Records to use

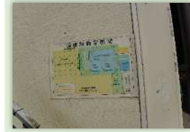
現場設備配置図 どこになにがあるか 誰が見ても一目瞭然です！
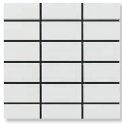
SNW-00N (スーパーホワイト)
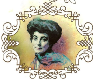
В.А. Серов. Е.И. Рерих. 1909 г.
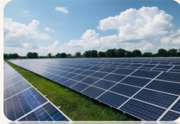
2 фотозлектрические станции
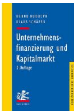
Unternehmensfinanzierung und Kapitalmarkt Ladenpreis: 41,20EUR

Required work
All entries are to be retyped exactly. Omit any embedded images.

Task result
現場設備配置図 どこになにがあるか 誰が見ても一目瞭然です！
SNW-00N (スーパーホワイト)
В.А. Серов. Е.И. Рерих. 1909 г.
2 фотозлектрические станции
Unternehmensfinanzierung und Kapitalmarkt Ladenpreis: 41,20EUR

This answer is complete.